_EXERCISE DIRECTIONS_
Quote the entries below from the line with "同时,为了能够实现我校MBA" through the line with "Иконография Троеручицы восходит", both ends included, and only those lines.

_STUDY MATERIAL_
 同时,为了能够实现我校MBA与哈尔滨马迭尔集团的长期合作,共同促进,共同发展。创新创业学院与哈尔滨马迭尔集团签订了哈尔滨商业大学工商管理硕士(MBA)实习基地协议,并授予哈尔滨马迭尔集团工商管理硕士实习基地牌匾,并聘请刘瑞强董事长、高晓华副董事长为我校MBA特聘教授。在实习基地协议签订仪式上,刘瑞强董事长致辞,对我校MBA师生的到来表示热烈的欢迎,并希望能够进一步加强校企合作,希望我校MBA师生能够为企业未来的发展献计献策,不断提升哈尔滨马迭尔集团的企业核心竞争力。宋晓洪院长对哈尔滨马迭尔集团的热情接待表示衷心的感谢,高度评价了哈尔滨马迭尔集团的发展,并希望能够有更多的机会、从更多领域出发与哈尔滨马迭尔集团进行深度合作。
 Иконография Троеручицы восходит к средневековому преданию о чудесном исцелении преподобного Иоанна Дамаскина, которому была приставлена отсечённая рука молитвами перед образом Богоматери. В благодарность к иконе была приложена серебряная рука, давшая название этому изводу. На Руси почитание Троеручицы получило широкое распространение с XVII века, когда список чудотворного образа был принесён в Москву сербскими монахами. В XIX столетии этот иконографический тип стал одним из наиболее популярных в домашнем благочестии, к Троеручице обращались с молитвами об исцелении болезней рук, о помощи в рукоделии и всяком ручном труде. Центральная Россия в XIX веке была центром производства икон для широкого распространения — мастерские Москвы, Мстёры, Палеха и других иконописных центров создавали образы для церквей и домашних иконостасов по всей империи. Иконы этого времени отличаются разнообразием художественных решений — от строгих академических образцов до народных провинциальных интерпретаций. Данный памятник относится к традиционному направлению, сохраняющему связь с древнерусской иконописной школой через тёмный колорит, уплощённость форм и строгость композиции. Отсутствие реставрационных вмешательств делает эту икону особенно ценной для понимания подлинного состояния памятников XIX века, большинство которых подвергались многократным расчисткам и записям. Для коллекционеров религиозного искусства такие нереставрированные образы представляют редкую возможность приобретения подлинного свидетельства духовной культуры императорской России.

...

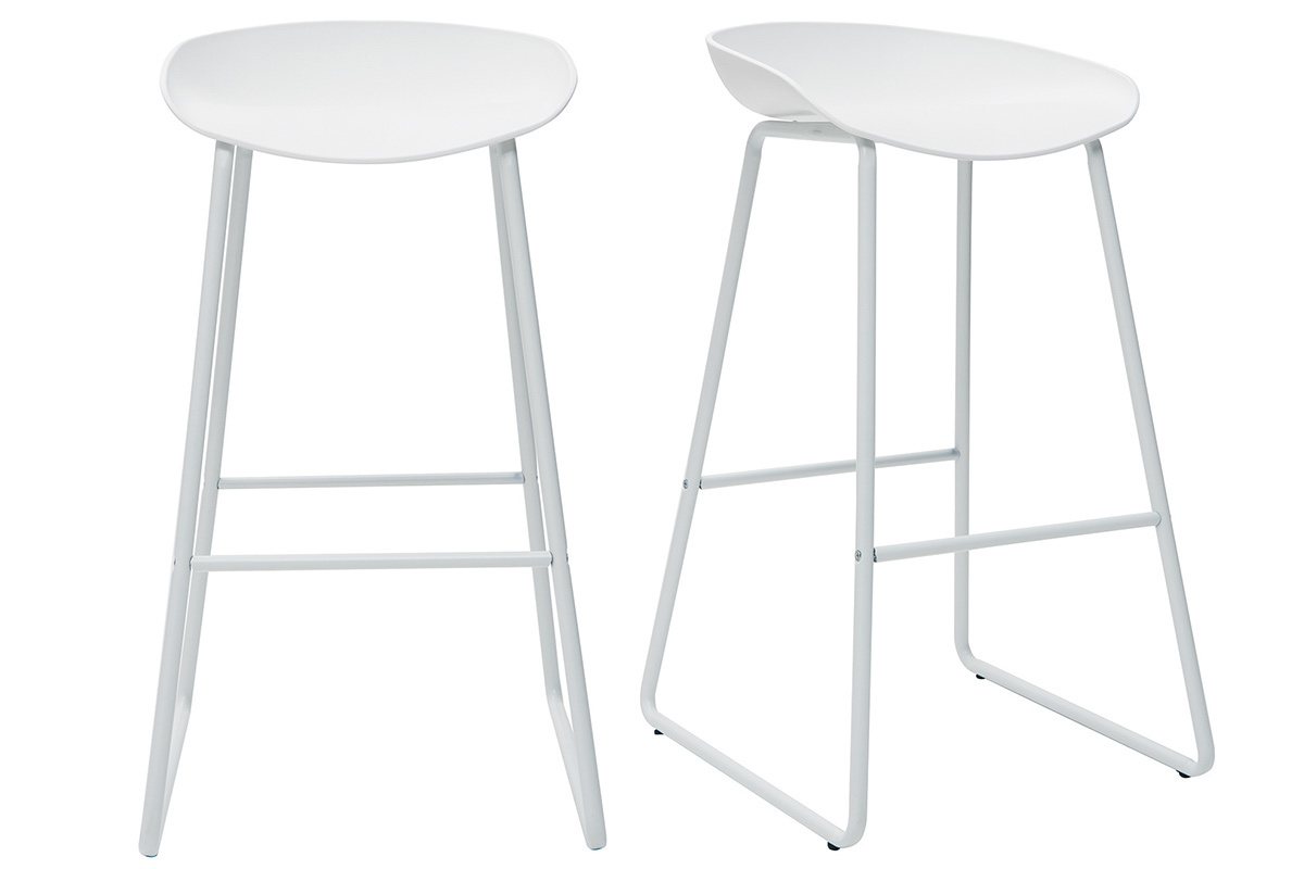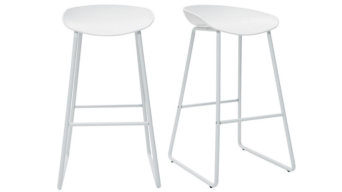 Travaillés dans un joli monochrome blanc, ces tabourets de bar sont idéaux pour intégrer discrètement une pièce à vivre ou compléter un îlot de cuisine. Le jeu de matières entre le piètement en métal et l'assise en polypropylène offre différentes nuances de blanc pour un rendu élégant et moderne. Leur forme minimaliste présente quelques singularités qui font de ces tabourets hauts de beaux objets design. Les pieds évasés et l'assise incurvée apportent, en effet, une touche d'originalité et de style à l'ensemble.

_TASK SOLUTION_
 同时,为了能够实现我校MBA与哈尔滨马迭尔集团的长期合作,共同促进,共同发展。创新创业学院与哈尔滨马迭尔集团签订了哈尔滨商业大学工商管理硕士(MBA)实习基地协议,并授予哈尔滨马迭尔集团工商管理硕士实习基地牌匾,并聘请刘瑞强董事长、高晓华副董事长为我校MBA特聘教授。在实习基地协议签订仪式上,刘瑞强董事长致辞,对我校MBA师生的到来表示热烈的欢迎,并希望能够进一步加强校企合作,希望我校MBA师生能够为企业未来的发展献计献策,不断提升哈尔滨马迭尔集团的企业核心竞争力。宋晓洪院长对哈尔滨马迭尔集团的热情接待表示衷心的感谢,高度评价了哈尔滨马迭尔集团的发展,并希望能够有更多的机会、从更多领域出发与哈尔滨马迭尔集团进行深度合作。
 Иконография Троеручицы восходит к средневековому преданию о чудесном исцелении преподобного Иоанна Дамаскина, которому была приставлена отсечённая рука молитвами перед образом Богоматери. В благодарность к иконе была приложена серебряная рука, давшая название этому изводу. На Руси почитание Троеручицы получило широкое распространение с XVII века, когда список чудотворного образа был принесён в Москву сербскими монахами. В XIX столетии этот иконографический тип стал одним из наиболее популярных в домашнем благочестии, к Троеручице обращались с молитвами об исцелении болезней рук, о помощи в рукоделии и всяком ручном труде. Центральная Россия в XIX веке была центром производства икон для широкого распространения — мастерские Москвы, Мстёры, Палеха и других иконописных центров создавали образы для церквей и домашних иконостасов по всей империи. Иконы этого времени отличаются разнообразием художественных решений — от строгих академических образцов до народных провинциальных интерпретаций. Данный памятник относится к традиционному направлению, сохраняющему связь с древнерусской иконописной школой через тёмный колорит, уплощённость форм и строгость композиции. Отсутствие реставрационных вмешательств делает эту икону особенно ценной для понимания подлинного состояния памятников XIX века, большинство которых подвергались многократным расчисткам и записям. Для коллекционеров религиозного искусства такие нереставрированные образы представляют редкую возможность приобретения подлинного свидетельства духовной культуры императорской России.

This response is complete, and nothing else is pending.